Total RNA was isolated with GeneJET RNA Purification Kit (Thermo Fisher Scientific), according to the manufacturer’s instructions, as previously described29. 1 µg of RNA was then reverse transcribed with a RevertAid First Strand cDNA Synthesis Kit (Thermo Fisher Scientific), and qPCR was performed on 20 ng of cDNA by employing a StepOnePlus Real-Time PCR System (Thermo Fisher Scientific). The amount of IL1B (NM_000576.3) and the amount of the reference gene RPL15 (ribosomal protein-like 15, NM_001253379.2) were monitored with specific TaqMan Gene Expression Assays (Thermo Fisher Scientific), while the expression of all other genes was measured using specific forward/reverse primer pairs (Table 2) and SYBR Green PCR Master Mix (Thermo Fisher Scientific). The amount of the genes of interest, expressed as Arbitrary Unit (A.U.), was calculated relative to that of the reference gene using the formula \({2}^{\Delta Ct}\) (where \(\Delta Ct= {Ct}_{RPL15 }- {Ct}_{gene of interest}\)).
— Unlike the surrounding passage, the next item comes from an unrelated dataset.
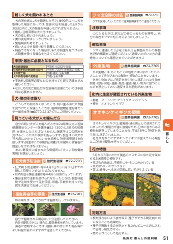 %u3000%u72ac%u306e%u6240%u6709%u8005%u306f%u3001%u72ac%u3092%u53d6%u5f97%u3057%u305f%u65e5%uff08%u751f%u5f8c90%u65e5%u4ee5%u5185%u306b%u72ac%u3092%u53d6%u5f97%u3057%u305f%u5834%u5408%u306b%u3042%u3063%u3066%u306f%u3001%u751f%u5f8c90%u65e5%u3092%u7d4c%u904e%u3057%u305f%u65e5%uff09%u304b%u308930%u65e5%u4ee5%u5185%u306b%u3001%u72ac%u306e%u767b%u9332%u3092%u7533%u8acb%u3057%u306a%u3051%u308c%u3070%u306a%u308a%u307e%u305b%u3093%u3002%u30fb%u9451%u672d%u3001%u6ce8%u5c04%u6e08%u7968%u306f%u72ac%u306b%u4ed8%u3051%u307e%u3057%u3087%u3046%u3002%u30fb%u72ac%u306e%u653e%u3057%u98fc%u3044%u306f%u3084%u3081%u307e%u3057%u3087%u3046%u3002%u30fb%u7cde%u306e%u5f8c%u59cb%u672b%u306f%u3057%u3063%u304b%u308a%u3084%u308a%u307e%u3057%u3087%u3046%u3002%u30fb%u7e41%u6b96%u5236%u9650%u3082%u8003%u3048%u307e%u3057%u3087%u3046%u3002%u30fb%u98fc%u3044%u72ac%u306f%u3067%u304d%u308b%u9650%u308a%u7d42%u751f%u98fc%u990a%u3057%u3066%u304f%u3060%u3055%u3044%u3002%u30fb%u98fc%u990a%u3067%u304d%u306a%u304f%u306a%u3063%u305f%u5834%u5408%u306f%u3001%u65b0%u305f%u306a%u98fc%u4e3b%u3092%u898b%u3064%u3051%u308b%u306a%u3069%u98fc%u990a%u3092%u53d7%u3051%u308b%u6a5f%u4f1a%u3092%u4e0e%u3048%u3066%u304f%u3060%u3055%u3044%u3002%u65b0%u3057%u304f%u72ac%u3092%u98fc%u308f%u308c%u308b%u3068%u304d%u3000%u5c71%u306b%u5165%u308b%u3068%u304d%u306f%u3001%u9234%u306a%u3069%u306e%u97f3%u306e%u51fa%u308b%u3082%u306e%u3092%u643a%u5e2f%u3057%u3001%u81ea%u5206%u306e%u5b58%u5728%u3092%u30af%u30de%u306b%u77e5%u3089%u305b%u308b%u3088%u3046%u306b%u3057%u307e%u3057%u3087%u3046%u3002%u6ce8%u610f%u4e8b%u9805%u3000%u30af%u30de%u3068%u906d%u9047%u3057%u305f%u300c%u65e5%u6642%u300d%u300c%u5834%u6240%u300d%u300c%u76ee%u6483%u7b87%u6240%u304b%u3089%u306e%u79fb%u52d5%u5148%u300d%u7b49%u306e%u60c5%u5831%u3092%u3054%u9023%u7d61%u304f%u3060%u3055%u3044%u3002%uff08%u901a%u5831%u3044%u305f%u3060%u3044%u305f%u65b9%u306e%u9023%u7d61%u5148%u306b%u3064%u3044%u3066%u3082%u78ba%u8a8d%u3055%u305b%u3066%u3044%u305f%u3060%u304d%u307e%u3059%u3002%uff09%u78ba%u8a8d%u4e8b%u9805%u5916%u6765%u751f%u7269%u3068%u306f%u3001%u3082%u3068%u3082%u3068%u305d%u306e%u5730%u57df%u306b%u306f%u3044%u306a%u304b%u3063%u305f%u306e%u306b%u3001%u4eba%u306b%u3088%u3063%u3066%u6301%u3061%u8fbc%u307e%u308c%u305f%u52d5%u7269%u3084%u690d%u7269%u306e%u3053%u3068%u3092%u3044%u3044%u307e%u3059%u3002%u3000%u5916%u6765%u751f%u7269%u6cd5%u3067%u306f%u3001%u300c%u7279%u5b9a%u5916%u6765%u751f%u7269%u300d%u306b%u6307%u5b9a%u3055%u308c%u305f%u751f%u7269%u3092%u98fc%u80b2%u30fb%u683d%u57f9%u30fb%u4fdd%u7ba1%u30fb%u904b%u642c%u30fb%u8ca9%u58f2%u30fb%u8b72%u6e21%u30fb%u8f38%u5165%u30fb%u91ce%u5916%u306b%u653e%u3064%u3053%u3068%u306a%u3069%u3092%u7981%u6b62%u3057%u3066%u304a%u308a%u3001%u9055%u53cd%u3059%u308b%u3068%u7f70%u5247%u304c%u3042%u308a%u307e%u3059%u3002%u5916%u6765%u751f%u7269%u0008 %u554f %u7523%u696d%u632f%u8208%u8ab2%u3000%u260e72-7705%u30aa%u30aa%u30ad%u30f3%u30b1%u30a4%u30ae%u30af%u306f%u3001%u9451%u8cde%u7528%u30fb%u7dd1%u5316%u7528%u3068%u3057%u3066%u4f7f%u7528%u3055%u308c%u3066%u3044%u307e%u3057%u305f%u304c%u3001%u7e41%u6b96%u529b%u304c%u5f37%u304f%u5f37%u5065%u306a%u305f%u3081%u3001%u65e5%u672c%u306b%u6614%u304b%u3089%u3042%u308b%u690d%u7269%u3092%u99c6%u9010%u3057%u3066%u3057%u307e%u3046%u3053%u3068%u304b%u3089%u3001%u5e73%u621018%u5e74%u306b%u300c%u7279%u5b9a%u5916%u6765%u751f%u7269%u300d%u306b%u6307%u5b9a%u3055%u308c%u307e%u3057%u305f%u3002%u3000%u5ead%u5148%u3084%u7551%u306a%u3069%u306b%u30aa%u30aa%u30ad%u30f3%u30b1%u30a4%u30ae%u30af%u304c%u751f%u3048%u3066%u3044%u308b%u5834%u5408%u306f%u3001%u3054%u81ea%u8eab%u3067%u99c6%u9664%u3092%u884c%u3063%u3066%u304f%u3060%u3055%u3044%u3002%u30fb%u6839%u3092%u6b8b%u3055%u306a%u3044%u3088%u3046%u629c%u304d%u53d6%u308b%uff08%u7a2e%u5b50%u304c%u3067%u304d%u308b%u958b%u82b1%u524d%u306b%u5208%u308a%u53d6%u308b%u3053%u3068%u3082%u52b9%u679c%u7684%uff09%u3002%u30fb%u7a2e%u5b50%u304c%u98db%u6563%u3059%u308b%u306e%u3092%u9632%u6b62%u3059%u308b%u305f%u3081%u3001%u30d3%u30cb%u30fc%u30eb%u888b%u306b%u5165%u308c%u3066%u5bc6%u5c01%u3057%u67af%u6b7b%u3055%u305b%u308b%u3002%u30fb%u71c3%u3048%u308b%u30b4%u30df%u3068%u3057%u3066%u51e6%u5206%u3059%u308b%u3002%u30005%u6708%u304b%u30897%u6708%u306b%u304b%u3051%u3066%u9ec4%u8272%u306e%u30b3%u30b9%u30e2%u30b9%u306b%u4f3c%u305f%u82b1%u3092%u54b2%u304b%u305b%u308b%u5317%u7c73%u539f%u7523%u306e%u690d%u7269%u3067%u3059%u3002%u30fb%u82b1%u3073%u3089%u306e%u5148%u7aef%u306f%u3001%u4e0d%u898f%u5247%u306b4%uff5e5%u3064%u306b%u5206%u304b%u308c%u3066%u3044%u308b%u30fb%u8349%u4e08%u306f50%uff5e70%u30bb%u30f3%u30c1%u307b%u3069%u30fb%u8449%u306f%u3001%u7d30%u9577%u3044%u3078%u3089%u72b6%u3067%u4e21%u9762%u306b%u8352%u3044%u6bdb%u304c%u751f%u3048%u3066%u3044%u308b%u30fb%u52d5%u7269%u3000%u30cc%u30fc%u30c8%u30ea%u30a2%u30fb%u30a2%u30e9%u30a4%u30b0%u30de%u30fb%u30cf%u30af%u30d3%u30b7%u30f3%u30fb%u690d%u7269%u3000%u30aa%u30aa%u30ad%u30f3%u30b1%u30a4%u30ae%u30af%u5bfe%u51e6%u65b9%u6cd5%u82b1%u306e%u7279%u5fb4%u753a%u5185%u306b%u751f%u606f%u304c%u78ba%u8a8d%u3055%u308c%u3066%u3044%u308b%u5916%u6765%u751f%u7269%u30aa%u30aa%u30ad%u30f3%u30b1%u30a4%u30ae%u30af%u306e%u99c6%u9664%u554f %u7523%u696d%u632f%u8208%u8ab2%u3000%u260e72-7705%u30af%u30de%u3092%u767a%u898b%u3057%u305f%u3089%u3001%u305f%u3060%u3061%u306b%u7523%u696d%u632f%u8208%u8ab2%u307e%u3067%u3054%u9023%u7d61%u304f%u3060%u3055%u3044%u3002%u72ac%u306e%u65b0%u898f%u767b%u9332 %u624b%u6570%u6599 4,000%u5186%u30fb%u5370%u9451%u72c2%u72ac%u75c5%u4e88%u9632%u6ce8%u5c04%u6e08%u7968%u306e%u4ea4%u4ed8 %u624b%u6570%u6599 700%u5186%u30fb%u6ce8%u5c04%u6e08%u8a3c%u30fb%u5370%u9451%u72ac%u306e%u6b7b%u4ea1%u5c4a %u5370%u9451%u30fb%u9451%u672d%u30fb%u6ce8%u5c04%u6e08%u7968%u72ac%u306e%u6240%u5728%u5730%u7b49%u306e%u5909%u66f4%u5c4a %u5370%u9451%u30fb%u6ce8%u5c04%u6e08%u7968%u7533%u8acb%u30fb%u5c4a%u51fa%u306b%u5fc5%u8981%u3068%u306a%u308b%u3082%u306e%uff0a%u624b%u6570%u6599%u3001%u5370%u9451%u7b49%u5fc5%u8981%u306a%u3082%u306e%u3092%u6301%u3063%u3066%u4f4f%u6c11%u751f%u6d3b%u8ab2%u307e%u3067%u304a%u8d8a%

Table 2 Sequences of the primer pairs employed for RT-qPCR analysis.

Cytokine measurement

Supernatants collected from monocyte cultures were assayed for secreted cytokines with the Bio-Plex System by Bio-Rad by employing the Cytokine Human Magnetic 10-Plex Panel (Thermo Fisher Scientific), which simultaneously measured the levels of TNF-α, IL-8, IL-1β, IL-6, GM-CSF, IL-10, IL-2, IL-4, IL-5, and IFN-γ in each sample. Briefly, all supernatants were clarified prior to the analysis by centrifugation (12,000 × g for 10 min at 4 °C); 50 µl of each medium were then added to the plate, previously prepared as required by the manufacturer. After 2 h incubation at room temperature in the dark, the plate was washed twice, then further incubated for 1 h with Biotinylated Detector Antibody. Finally, after 30 min in the presence of Streptavidin-RPE solution, the plate was washed again twice and inserted into the Bio-Plex System by Bio-Rad for the analysis. A standard curve was run in parallel, employing samples provided in the assay; the range of concentration analyzed for each cytokine in the assay employed was (in pg/ml) 6–5,190 for TNF-α, 11–8,150 for IL-8, 12–8,890 for IL-1β, 7–5,120 for IL-6, 7–5,210 for GM-CSF, 12–8,800 for IL-10, 14–10,390 for IL-2, 63–45,800 for IL-4, 10–7,380 for IL-5, and 6–4,450 for IFN-γ. The amount of cytokines in each sample was calculated from the standard curve using the software by Bio-Rad and expressed as pg/ml of incubation medium.

Materials

Fetal bovine serum and RPMI-1640 medium were purchased from EuroClone (Milano, Italy). Sigma-Aldrich (Milano, Italy) was the source of all other chemicals.

Statistics

GraphPad Prism 5.0 (GraphPad Software, USA) and SPSS (IBM, Statistics, USA) software were used for the statistical analyses. Clinical data are expressed as frequencies (n, %) or means (standard deviation). Group comparisons were carried out by using the chi-squared test and Mann–Whitney U test for categorical and continuous variables, respectively. Gene expression and cytokine production were analyzed with a two-tailed Student's t-test for unpaired data. Differences were considered statistically significant when p < 0.05.

Ethical considerations

The study protocol was approved by the local ethical committee (672/2018/OSS/UNIPR approved on 4 September 2018) and conducted in accordance with the principles of the Declaration of Helsinki (1964). Patients were screened for inclusion during follow-up visits for CD therapy administration. All the included patients provided written informed consent before the inclusion in the present study.